Petros Ligoxygakis
Drosophila as a model to study innate immunity
Co-workers: Dr Marcus Glittenberg, Dr Davide Roncarati, Dr Lihui Wang, Mr Dilan Fernando
The ability to detect pathogens is an essential component of the immune system. The first line of sensing is stimulated by the recognition of molecules present in bacteria, viruses and parasites but not found in the host. These molecules are accessible for binding by germ line-coded host receptors. Binding activates a broad specificity inflammatory response characterised by the recruitment and activation of phagocytes and the production of antimicrobial compounds. This constitutes the innate immune response that in its turn will trigger acquired immunity. Acquired immunity comes in the late phase of infection, is specific and creates immunological memory. Acquired immunity is present only in higher chordates. All other species rely on innate defences to fight off infection. Thus, innate immunity is considered as the prototypical immune defence and is well conserved among species from plants and fruit flies to mammals.
The importance of innate immunity for adaptive responses has implications in the treatment of infectious diseases. Understanding the initial stages of pathogen recognition and their link to subsequent signalling is crucial for manipulating host defences in the face of life-threatening tissue damage (sepsis).
Mechanisms causing sepsis are highly conserved from fruit flies to humans. It is consequently an extremely pertinent question in both immunological research and clinical intervention to ask how initial stages of pathogen sensing are achieved.
We would like to address a set of interrelated questions on the initial recognition of pathogens by innate host sensors. Genetic studies have provided some insights into these matters but a combination of biochemical and cell biological studies are now needed to further our understanding.
Firstly, how do multiple host receptors synergise to achieve recognition?
Secondly, are host receptor complexes formed on pathogens or is there detection of exported/recycled material?
Thirdly, can small molecules resembling bacterial cell wall components be exploited to trigger or suppress innate immunity?

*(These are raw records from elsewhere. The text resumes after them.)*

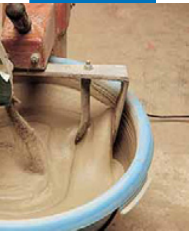
Смешивание серого Planiseal 88 с водой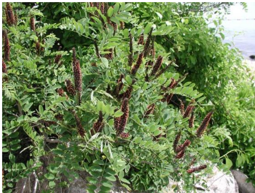
Slika 3. Amorpha fruticosa

Osim za kontrolu drugih vrsta, strane se vrste također unose radi: sprječavanja erozije, stabilizacije pješčanih dina, zaštite od vjetra ili kao barijere poput živica i ograda (IUCN 2017). S obzirom na to da imaju stabilizirajući učinak na okoliš, potkategorija Stabilizacija i barijere obuhvaća te namjerno unesene vrste. Grmasta amorfa ( Amorpha fruticosa , Slika 3 ) unesena je u Europu za izradu živica, smirivanje erozije i kao medonosna biljka (Kozuharova i sur. 2017). Prvi dokumentirani navodi za Hrvatsku potječu iz sredine 20. stoljeća iako je vjerojatno prisutna i ranije (Nikolić i sur. 2014). Često kolonizira staništa visoke vrijednosti, riječna obalna područja, poplavna područja, vlažne livade, šikare i šume. Uspješno mijenja strukturu biljnih zajednica povećavajući rizik od nastanjivanja drugim invazivnim vrstama alternativajući sukcesijske nizove i mikrobnu ekologiju tla tvorbom gotovo monokulturnih sklopova (CABI 2019).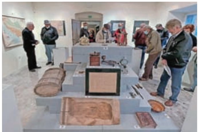
V Muzeju Žiri si je mogoče ogledati razstavo 50 muzejskih predmetov ob 50-letnici Muzejskega društva Žiri.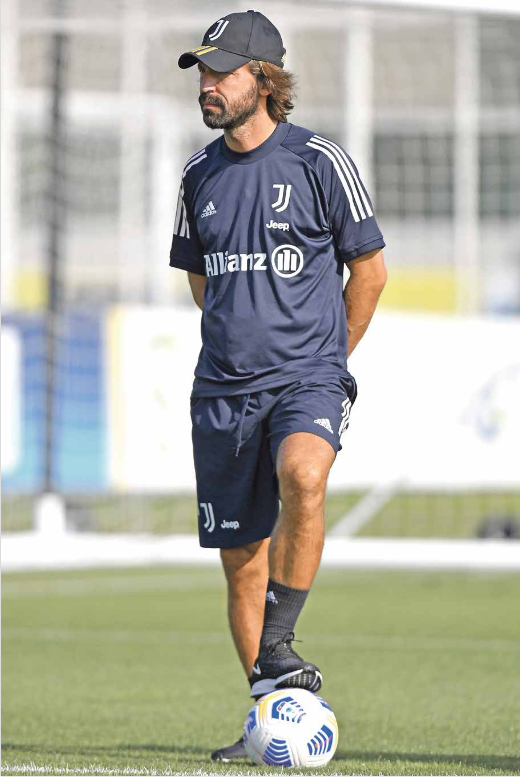
بيرلو تولى المهمة خلفا للمقال ساري

كشف أندريا بيرلو، المدير الفني الجديد ليوونتوس، بأنه يجب عليه أن يفوز بلقب الأسكوديتو العاشر مع التوالى مع فريق «السيدة» العجوز»، الذي هيمن على بطولات الدوري الإيطالي في السنوات الأخيرة، وجاء الدور على بيرلو الذي تولى المهمة الفنية هذا الصيف، خلفا لساري، لحصد تتويج جديد.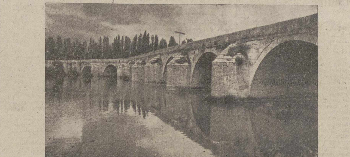
El puente romano de Torquemada, reformado por la magnificencia del inquisidor Fray Tomás Torquemada

Testigo y baluarte de la lucha contra la afrancesada, divisor en tiempos lejanos de Castilla y León, por él han desfilado, personajes romanos cuando esta Villa se llamaba «Porta Augusti». Por él pasarían Reyes y guerreros, caravanas de paz y de guerra y sus piedras, tostadas a través de los siglos por rayos del mismo sol y cuyos tajamares han corrido el agua resistiendo avenidas impetuosas o peinando la mansa corriente de su estajo. Le vimos en los tiempos del Glorioso Alzamiento Nacional, enorgullécense al prestar sus crevantes servicios, cuando por el general Mola era cruzado, en paso para celebrar en esta Villa histórica entrevistas con el también general Saliquet o para dirigirse a aquel presidir batallas o visitar frentes de combates. Cruzaron su calzada los héroes de El Alcázar de Toledo, y pocos días después, nuestro invitado Gaudilio acompañado de lucido cortejo en el que figuraban brillantes uniformes cubiertos con polvo de las primeras batallas, acompañado también de altas personalidades civiles y eclesiásticas y una nutrida representación de moros ilustres, y siempre amigos de la verdadera España, en aquel primero de octubre del año 1936, a su entrada en nuestro puente, recibía los aplausos de este vecindario como anticipo del nombramiento oficial que pocas horas después, iba a recibir en Burgos como Generalísimo de nuestros Ejércitos y Jefe del nuevo Estado español.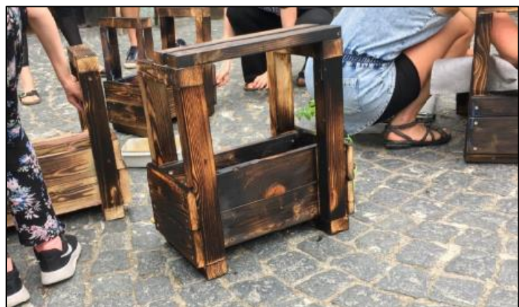
Workshop: Lav plantekasser af genbrugstræ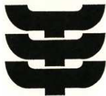
文化財愛護シンボルマーク

明和9年5月21日（陰暦）現在の長谷字小出ヶ谷地区において、銅鐸一口が発見され掛川藩に届出されました。これが現在の文化財保護法の遺物の発見届と同じことで、この日を記念して、市民の埋蔵文化財に対する理解と、これらを保護・保存しようとする意識の向上を願い、毎年5月21日を掛川市「考古の日」として設定しました。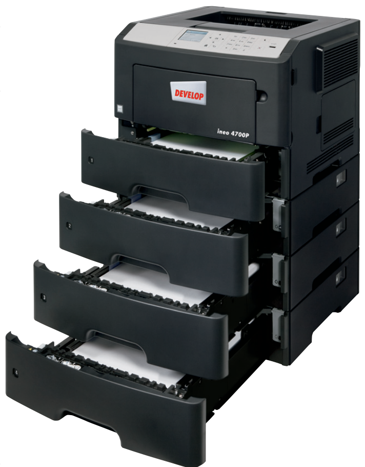
ineo 4700P mit drei zusätzlichen Papierkassetten (PF-P12)

Ist Ihr derzeitiges Drucksystem unübersichtlich und schwer zu bedienen? Dann steigen Sie um auf die ineo 4700P. Das 2,4-Zoll Farbdisplay ist intuitiv zu bedienen und hervorgehobene Menüs zeigen dem Benutzer den Systemstatus sowie ausgewählte Bedienungsoptionen und -einstellungen. Mehr noch – die Navigation über Ordnerstrukturen ist übersichtlich und erleichtert Ihnen die Bedienung. Der Bedienkomfort wird Sie und Ihr Team sofort positiv beeindrucken und es bleibt mehr Zeit für die wichtigen Kernaufgaben. Und bei der ineo 4700P brauchen Sie kein umfangreiches Bedienungshandbuch zu fürchten: sie lässt sich intuitiv bedienen.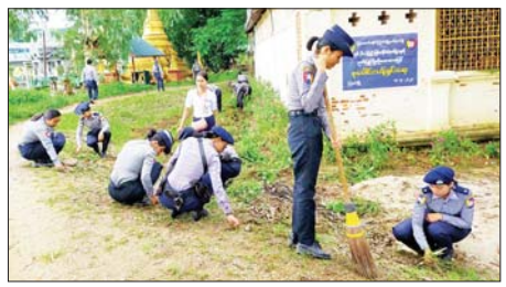
မြန်မာနိုင်ငံရဲတပ်ဖွဲ့ နေ့ကို ကြိုဆိုဂုဏ်ပြုသောအားဖြင့် ဧရာဝတီ တိုင်းဒေသကြီး ကြိုခင်းမြို့နယ် ရဲတပ်ဖွဲ့ (ကြီးကြပ်ကွပ်ကဲမှု) အောက်ရှိ ရဲစခန်း၊ ရဲကင်းဗိသားစုဝင်များ၊ မြို့နယ်ရဲတပ်ဖွဲ့ ဝင်များ စုပေါင်း၍ စက်တင်ဘာ ၁၄ ရက်က ဆရာဒကာကျောင်းတွင် လှူဖွယ်ဝတ္ထုများလှူဒါန်းခြင်းနှင့် ရွှေသာလျောင်းဘုရားဝင်းအတွင်း ရဲတပ်ဖွဲ့ ဝင်များ၊ ရဲဗိသားစုဝင်များ စုပေါင်းသန့်ရှင်းရေး ဆောင်ရွက်ကြစဉ်။

ဆက်သွယ်ဆောင်ရွက်ရေးဥပဒေပုဒ်မ ၃၃ (က)နှင့် တည်ဆဲဥပဒေ များအရ အရေးယူခံရမည့်အပြင် ဖြစ်မှုနှင့် သက်ဆိုင်သည့် ရွှေ့ပြောင်း နိုင်ငံသောပစ္စည်း၊ မရွှေ့ပြောင်းနိုင်သောပစ္စည်းများကို အကြမ်းဖက်မှု တိုက်ဖျက်ရေးဥပဒေအရ သိမ်းဆည်းခံရနိုင်ပြီး ဖြစ်မှုထင်ရှားစီရင်ခြင်း ခံရပါက နိုင်ငံတော်ဘဏ္ဍာအဖြစ် သိမ်းဆည်းခံရနိုင်ကြောင်း ၂၀၂၂ ခုနှစ်၊ ဇန်နဝါရီ ၂၅ ရက်တွင် နိုင်ငံပိုင်ဗီဒီယာများမှတစ်ဆင့် အသိပေး သတင်းထုတ်ပြန်ခဲ့ပြီး ဖြစ်သည်။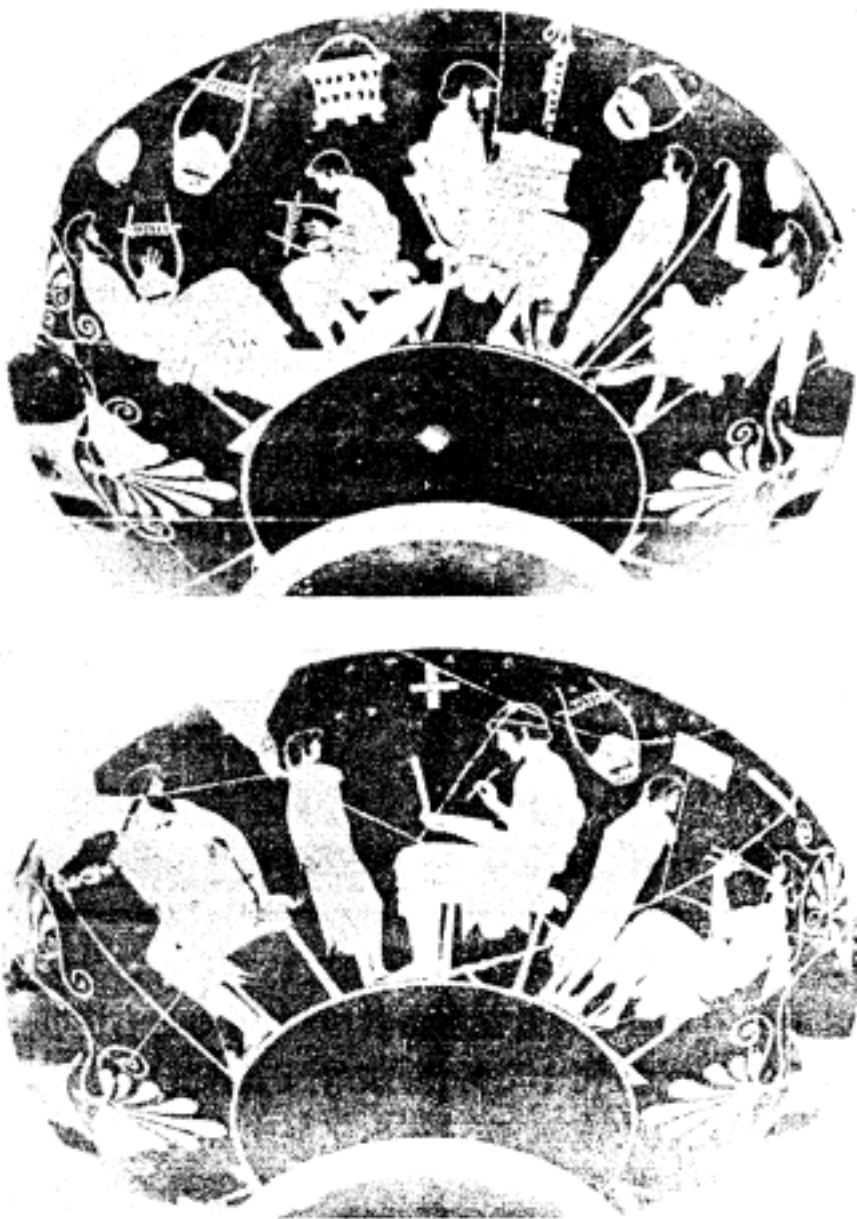
古代雅典陶器上描绘的音乐教育育的情景

习乐器,再教以简单宗教诗歌和抒情诗,然后把乐器与诗歌合在一起演唱,最后还要学唱荷马史诗片段。音乐教育的目的在于陶冶学生的性格和道德品质。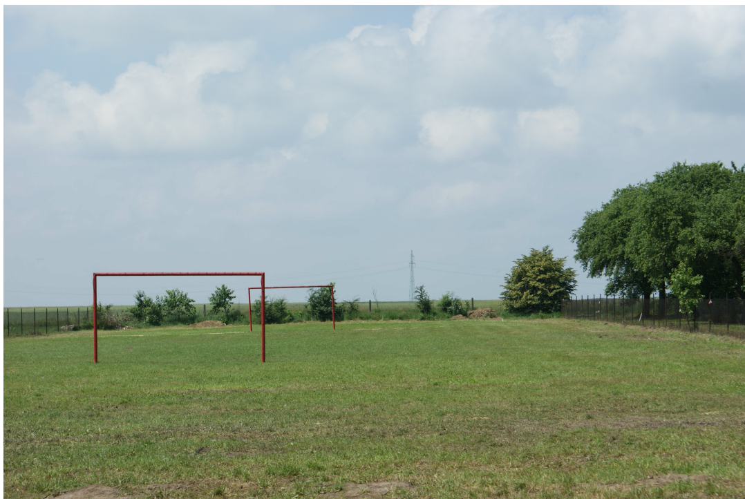
Plac boiska sportowego

Plac boiska jest nieutwardzony i nie posiada ławek dla kibiców. Obok boiska sportowego należy wybudować od podstaw plac zabaw dla dzieci.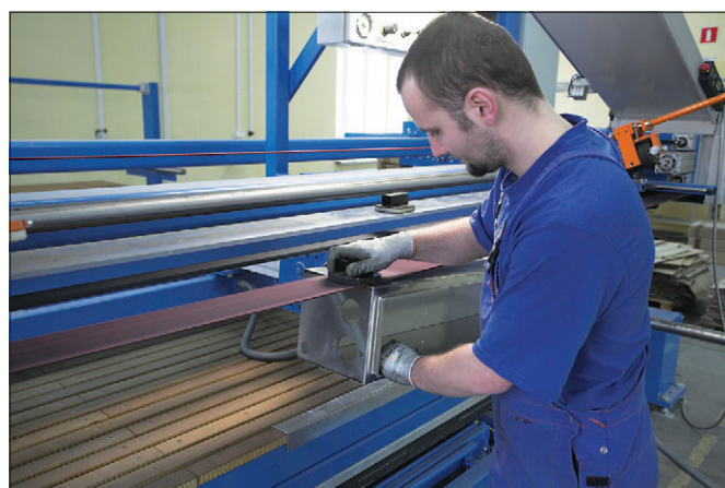
Obróbka spawów na korpusie szafki ze stali nierdzewnej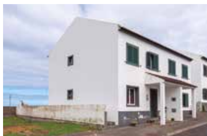
Empreitada de Beneficiação de duas Moradias sitas à Rua Nova n.º 18, freguesia da Achada e Rua da Leira n.º 8, freguesia da Lomba da Fazenda Em Execução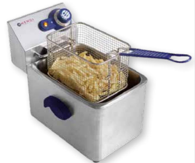
95 FRITÉZA BLUE LINE 4 LITRY 205808 nastavení teploty až do 190 °C, bezpečnostní termostat, tělo a olejová nádrž z nerezové oceli, nastavení teploty až do 190 °C 200 bodů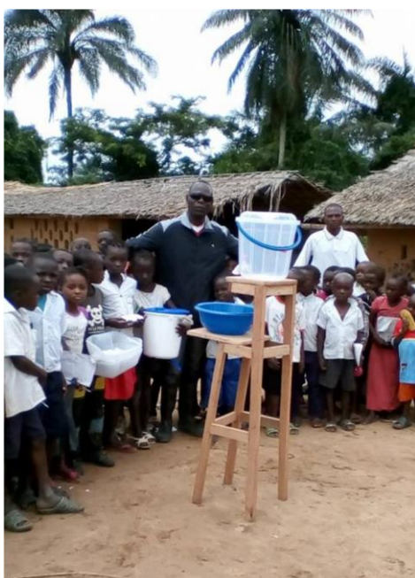
Remise du kit de lavage des mains aux élèves de l'EP BASONGO dans la province de Kasai par Médecins d'Afrique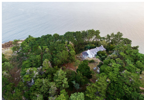
La résidence Magnetic à la pointe du Dourven, en Bretagne.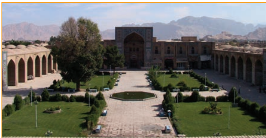
شکل ۲-۴- مجموعه تاریخی گنجعلی خان کرمان

ملک قاورد را بنیانگذار سلاجقه کرمان می دانند وی اقدامات متعددی در جهت آبادانی کرمان انجام داد از جمله سرکوبی راهزنان و برقراری امنیت، احداث کاروانسراها، آب انبار، آبادی جاده ها و ساخت مسجد بوده است. مهم ترین اقدامش در زمینه تسهیل روابط تجاری ساخت میل های (مناره) متعدد در مسیر راه سیستان بوده است. از دیگر اقدامات وی حفر چاه آب بین منطقه کویری کرمان و یزد بوده است. در این دوره پارچه های ابریشمی (بم)، توتیا (شُرْمه) از کوهبنان، قند از مکران، خرما از بم و جیرفت و شهاد به تمام نقاط صادر می شده است.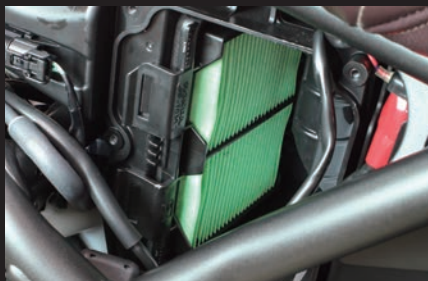
装着写真(ノーマルエアフィルター)

Lastly, how does the immune response integrate in the homeostatic mechanisms of an individual during adult life?
Publications
- Brown AE, Baumbach J, Cook PC, Ligoxygakis P (2009) Short-term starvation of immune deficient Drosophila improves survival to Gram-negative bacterial infections. PLoS ONE 4, e4490
- Wang L, Gilbert RJC, Atilano ML, Filipe SR, Gay NJ, Ligoxygakis P. (2008) Peptidoglycan Recognition Protein-SD provides versatility during host receptor formation in Drosophila immunity. Proc Natl Acad Sci USA 105, 11881-6
- Theodore Tsichritzis, Peer C. Gaentzsch, Stylianos Kosmidis, Anthony E. Brown, Efthimios M. Skoulakis, Petros Ligoxygakis* and George Mosialos*. (2007) A Drosophila ortholog of the cylindromatosis tumor suppressor regulates triglyceride content and antibacterial defence. Development 134, 2605-14
- Wang L, Weber AN, Atilano ML, Filipe SR, Gay NJ, Ligoxygakis P. (2006) Sensing of Gram-positive bacteria in Drosophila: GNBP1 is needed to process and present peptidoglycan to PGRP-SA. EMBO J, 25, 5005-14
- Filipe, S.R., Tomasz, A. and Ligoxygakis P. (2005) Requirements of peptidoglycan structure allowing detection by the Drosophila Toll pathway. EMBO Rep, 6, 327-333
*joint corresponding authors
More Publications...
Research Images
Figure 1: GFP expression controlled by the promoter of the antimicrobial peptide (AMP) gene drosomycin. In non-infected flies (top left panel) GFP is expressed only in barrier epithelia whereas following infection, systemic expression of GFP can be observed. Top right panel shows the same phenomenon in larvae. The fat body (the insect equivalent of the mammalian liver) is the major site of synthesis and secretion of AMPs (bottom two panels)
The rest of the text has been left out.